# Hilton Head Upscale Consignment Store



## Ubil (Dec 6, 2011)

Last January my wife and I were at Hilton Head.  One of the things that my wife likes to do is shop (surprise!).  We visited all of the consignment shops that she could find.  One of the consignment shops had very high-end, upscale furniture and rugs.  We found it by accident, it was not on the list of consignment shops, but was behind one of the consignment shops that was on the list.  It had 3 or 4 large sheds/garages/warehouses.  We spent at least 2 hours there just looking at everything.  Even I had fun.   We know about where it is, but we don't remember the name.   I can't find it on the web anywhere.  Anybody know the name of it?


----------



## MULTIZ321 (Dec 6, 2011)

Ubil

Was it Classic Consignments by any chance?

Classic Consignments Inc
122 Arrow Road, Hilton Head Isle, SC 29928-7310
(843) 842-4041 ‎ 

Richard


----------



## Ubil (Dec 7, 2011)

I really don't think that is it.

Using Google satellite, I think that it is at the intersection of Arrow Road and Dunnagans Alley, behind My Sister's Closet, but the building there isn't labeled.


----------



## MULTIZ321 (Dec 7, 2011)

Ubil said:


> I really don't think that is it.
> 
> Using Google satellite, I think that it is at the intersection of Arrow Road and Dunnagans Alley, behind My Sister's Closet, but the building there isn't labeled.



Ubil,

Then I think the place you're looking for is:

Bargains & Treasures
88 Arrow Road, Hilton Head Island, SC 29928-3250
(843) 785-7929 ‎ 

I don't think it's at the intersection of Arrow Road and Dunnagun's Alley.  If I remember correctly, there used to be a theatre there but the building is closed.

Richard


----------



## Ubil (Dec 8, 2011)

thanks.  We'll be there in January and will find it.


----------



## MULTIZ321 (Dec 8, 2011)

Ubil said:


> thanks.  We'll be there in January and will find it.



Hi Ubil,

Be sure and give us a follow up after you find it.

Thanks.

Have a good trip.

Richard


----------



## Ubil (Jan 3, 2012)

*Found it*

Ok, it is not a consignment store (though it started as one) and not really a used furniture store.  It is at the northeast corner of Arrow Road and Dunnagans Alley.





Website:
http://www.furnituresolutions151.com/

Lots of interesting furniture.

They have a persian rug that was supposedly smuggled out of the Shah's palace in 1979, 25' by 14'8", for $15,000. 

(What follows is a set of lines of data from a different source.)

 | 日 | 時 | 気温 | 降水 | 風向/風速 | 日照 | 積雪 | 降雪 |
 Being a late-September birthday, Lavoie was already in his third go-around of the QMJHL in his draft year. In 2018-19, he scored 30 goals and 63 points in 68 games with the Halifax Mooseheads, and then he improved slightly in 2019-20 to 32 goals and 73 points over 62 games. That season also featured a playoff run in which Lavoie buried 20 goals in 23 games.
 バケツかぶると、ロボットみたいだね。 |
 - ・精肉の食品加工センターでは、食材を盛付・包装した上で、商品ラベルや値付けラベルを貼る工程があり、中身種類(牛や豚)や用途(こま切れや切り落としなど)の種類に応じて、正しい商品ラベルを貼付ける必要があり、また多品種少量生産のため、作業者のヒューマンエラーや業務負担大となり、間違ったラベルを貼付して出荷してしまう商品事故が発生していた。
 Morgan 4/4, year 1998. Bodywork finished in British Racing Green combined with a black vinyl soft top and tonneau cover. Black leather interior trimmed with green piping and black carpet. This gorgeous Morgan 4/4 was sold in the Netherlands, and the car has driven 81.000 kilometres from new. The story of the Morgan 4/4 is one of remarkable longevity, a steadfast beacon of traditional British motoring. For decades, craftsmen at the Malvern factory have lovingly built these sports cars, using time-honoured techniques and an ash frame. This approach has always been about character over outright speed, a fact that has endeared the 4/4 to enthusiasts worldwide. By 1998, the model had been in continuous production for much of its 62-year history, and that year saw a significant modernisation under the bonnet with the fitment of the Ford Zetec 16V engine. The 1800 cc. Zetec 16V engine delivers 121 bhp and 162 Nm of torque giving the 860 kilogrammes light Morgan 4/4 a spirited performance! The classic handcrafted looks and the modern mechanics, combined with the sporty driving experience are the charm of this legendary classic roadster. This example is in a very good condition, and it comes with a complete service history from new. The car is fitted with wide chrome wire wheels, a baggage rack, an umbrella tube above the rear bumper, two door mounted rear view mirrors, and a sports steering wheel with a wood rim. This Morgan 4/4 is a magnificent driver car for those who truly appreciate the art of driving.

Their website has some pictures of the furniture that they sell.  Here is one that is not on the website that I've never seen the style before.  It is a two sided room divider.  The ends are covered in leather.


----------



## MULTIZ321 (Jan 3, 2012)

Ubil,

Thanks for the update.  I know my wife will want to check out this furniture store the next time we visit Hilton Head.

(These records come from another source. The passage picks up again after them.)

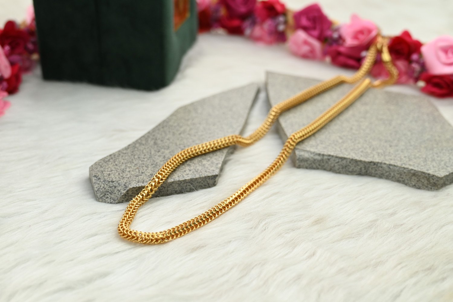 Define your style with the rugged elegance of our 1.5mg Gold Polish Men’s Chain. Crafted for the modern man who values tradition, these chains are a perfect blend of strength and sophistication. Whether it's a classic Curb link, a sturdy Figaro, or a sleek Nawabi design, our chains feature premium 1.5mg gold plating that delivers the heavy, rich look of solid gold. Designed to be a daily companion or a wedding statement, this collection brings a touch of "Macho" luxury to every outfit.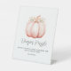 Fügen Sie Ihrer Herbstdusche eine charmante Touch mit diesem Pink Little Pumpkin Diaper Raffle Table Sign! Dieses Schild mit weichen, rosa Kürbis und eleganten Herbstdetails ist ideal, um die Gäste dazu zu bringen, ihre Eintrittskarten für die Windeln und Windeln abzulegen. Es wurde entworfen, um sich mit der Erholung Ihrer Pink Little Pumpkin Kollektion abzustimmen, und bringt Wärme und saisonalen Stil zu Ihrem Geschenktisch oder Eingang.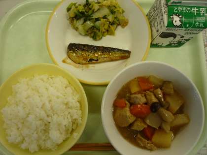 ごはん いわしの生姜味 昆布和え 鶏肉と根菜のごま煮 牛乳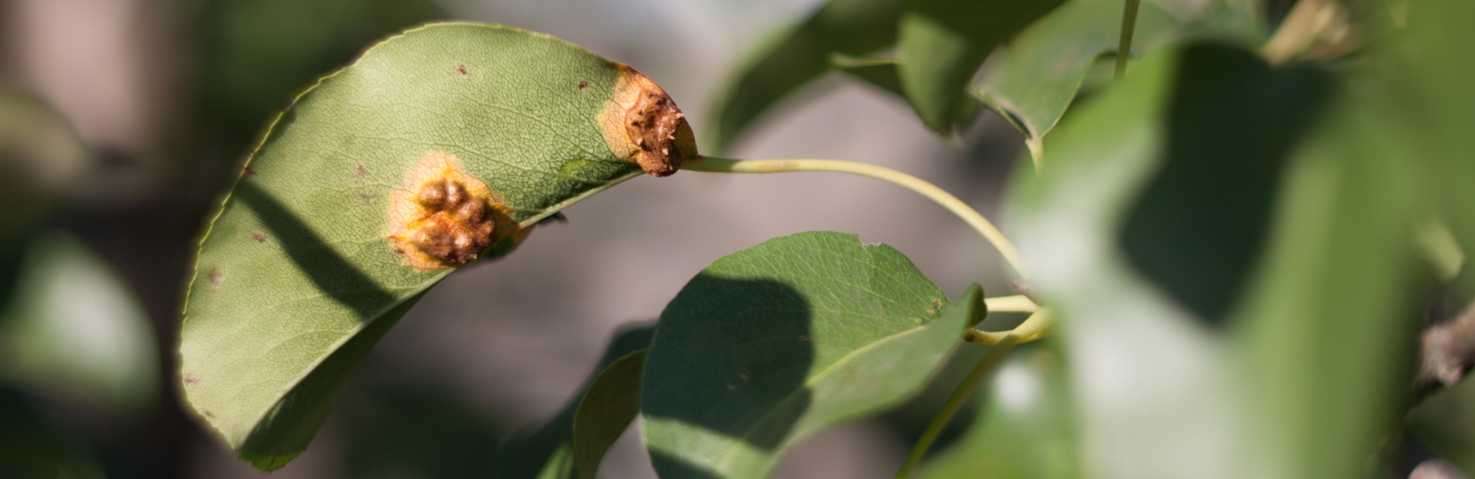 • uszkodzenia liści gruszy – tam, gdzie występują plamki i narośle liście twardnieją, a z czasem odpadają (zazwyczaj przedwcześnie);

Do you remember how much they're asking for the double-sided divider with leather on the ends?

Happy New Year to you and your family!


Richard


----------



## Ubil (Jan 3, 2012)

They are currently having a "remodeling sale" with different color circles on the price tags.  I don't know how long the sale is.

The room divider is $1960 and has a red circle on the price tag (I took a picture of the price tag).  That is either 30% or 50% off - my wife thinks that it is 50%.

In addition to the ends being leather-covered, it looks like the inside backs are leather-covered.  The owner told us the manufacturer like it was someone well-known, but we don't remember it.


----------



## dmorea (Jan 5, 2012)

Great Find ! Thanks for posting, I will be checking it out too next time I am in the area


----------



## SueDonJ (Jan 5, 2012)

Excellent find - that 2-sided piece is beautiful!  I also like the look of that chandelier in the foreground of your last pic.

Eventually when Don retires we'll be building in the area and a copy of your post just went into the Likes/Dislikes folder.  Thanks!


----------



## jme (Jan 13, 2012)

*location*

Furniture Solutions 
151 Arrow Rd  
couple blocks from Hwy 278

link to map

http://maps.google.com/maps?q=furni...on+Head+Island,+South+Carolina+29928&t=h&z=17


----------



## Jan&Ern (Jan 22, 2012)

*Thanks*

I've driven past this every time I've been on vacation in HHI and have not stopped. Thanks for posting this since this is just the kind of place you'd love to snoop around in on a non-beach day! Looks like they have some fabulous items. How were the other consignment shops? I've always wanted to check them out and vowed to do it last fall but, alas, did not. We'll be back on HHI in October and will put renewed effort into a consignment shop day if it's worth it.


----------



## Ubil (Jan 22, 2012)

*Hilton Head Consignment Shops*

These are the shops that we can remember.

Here's a map of some of the consignment stores:




Furniture Solutions 151 is behind My Sister's Closet.

Encore is behind The Backyard (which wasn't as good this time as a year ago.)  There's also a used bookstore a couple of doors down in the same little shopping center.

Down Arrow Road are Annie's Attic (142 Arrow Road) and Classic Consignments (122 Arrow Road).  Both of these have nice furniture.  We found a small buffet that we were looking for at Annie's Attic (and fit it in our CR-V).

Farther down Arrow Road is Bargains and Treasures - give it a miss.  There is another Bargains and Treasures in Bluffton that we didn't think was any better.

At 4375 Bluffton Parkway is The Vintage Market.  There was another store at the same place, both interesting.

There are others.


----------



## dmharris (Jan 22, 2012)

Too much fun!  I wish I knew this in November!  My husband is glad I didn't!


----------



## Ubil (Jan 22, 2012)

I bet your husband would like Furniture Solutions 151.  I did.  Usually I go golfing when my wife shops, but I was glad I was with her when we found that.


----------



## dmharris (Jan 22, 2012)

Ubil, it's the money I drop in shops like this that bothers him.  He would like looking at stuff but not all day.  I'm a shopper!


----------